None of the above is important. Trump is just a pawn here. This affair is about the election; a Republican House means the wrong sort of people will be asking awkward questions. The FBI does not want that. The Rs will screw it up, but why take a chance.
What happened here is that Trump and the Archive were tidying up loose ends regarding Presidential memorabilia - routine stuff. The FBI saw an opportunity to gin up a national security crisis and seized it. CNN piled on. The secret nature of the "evidence" gave them a free hand to fabricate any story they liked. Nukes! Iranians! Chinese!

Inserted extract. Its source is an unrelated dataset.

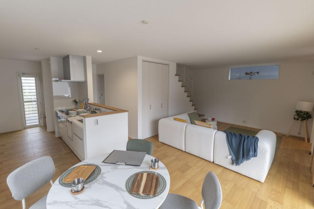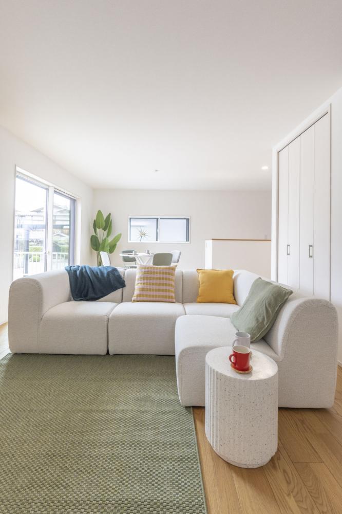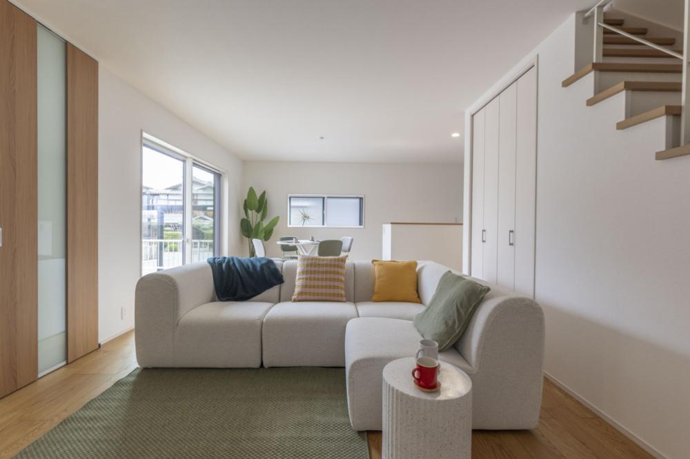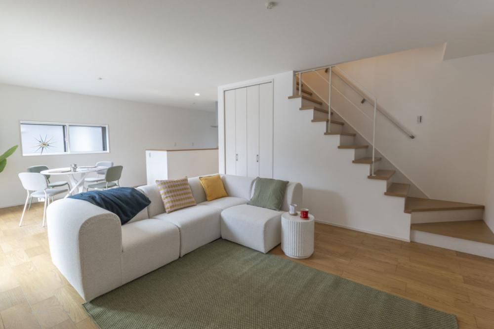 どんなインテリアも美しく映えるナチュラルな空間には、デザインのアクセントとなる一部オープン階段を採用しています 。

No Russians this time round, though, the editors judged a second term as Russian agent would be a hard sell. Trump is therefore now a freelance foreign agent, selling to all and sundry. It's all bollocks. Any docs Trump took, legally or otherwise, are going to feature Donald J Trump. i.e., this case is about birthday cards and the like.
The sad reality is, Trump will sell anything, but with two important provisos: It must have the Trump brand on it and must not be worth the price asked.
How do I know all this? From everyone's most trusted authority - anonymous sources close to the matter. See how easy that is?